There hasn't been much good news coming out of the retail games industry in the UK and US lately, but Peter Moore isn't worried. Speaking at the Credit Suisse 20th Annual Technology, Media & Telecom Conference today, Electronic Arts' chief competition officer brushed aside concerns when asked if the release of new hardware like the PS4 Pro and Xbox One S was sapping dollars from the holiday software lineup.
"I take a long-term view," Moore said. "If there are dollars being invested in hardware, that is great for the industry long term. I don't worry as a video game executive about what's happening this week, or this month, or this quarter. I'm actually enthused if this mid-cycle refresh, which is unique and exciting to us in the publishing business, allows this generation to continue much longer and at a much higher rate than maybe it previously [did].

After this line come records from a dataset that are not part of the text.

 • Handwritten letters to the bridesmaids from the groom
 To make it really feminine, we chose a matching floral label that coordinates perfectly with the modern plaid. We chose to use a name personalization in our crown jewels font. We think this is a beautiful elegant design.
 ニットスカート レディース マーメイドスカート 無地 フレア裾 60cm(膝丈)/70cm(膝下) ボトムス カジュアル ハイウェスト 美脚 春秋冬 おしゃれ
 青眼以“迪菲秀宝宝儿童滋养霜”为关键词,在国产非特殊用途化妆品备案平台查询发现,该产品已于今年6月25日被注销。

He added, "The numbers we have seen reported publicly obviously don't take into account digital, and we're seeing continued strength in digital. And we're going to see in the next few days I'm sure, some of the results of Black Friday... And I think, without giving the game away, I think we're going to be comforted, if not pleasantly surprised. But I'm optimistic, and certainly at EA we're not changing our guidance whatsoever."

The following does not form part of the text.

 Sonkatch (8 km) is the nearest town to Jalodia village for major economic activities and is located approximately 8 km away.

When asked about the steep level of discounting on some AAA releases around Black Friday, Moore noted that such promotions are planned out months in advance, oftentimes before the games in question have even launched. He also added that given the current games-as-a-service model embraced by the industry, every copy of a game sold brings with it the opportunity to generate plenty of extra income down the line, which could be used to justify deeper cuts than the industry might have seen for successful games in the past.
As for EA launching Battlefield 1 and Titanfall 2 just a week apart, Moore downplayed the suggestion that one title cannibalized the other, again emphasizing a long-term view over the results of any given sales period, even the game's launch week.
"One thing we do incredibly well is take a great title like this and leverage it for many years to come," Moore said after pointing to the positive critical response to Titanfall 2. "We're going to be selling Titanfall 2 on a global basis for many, many years."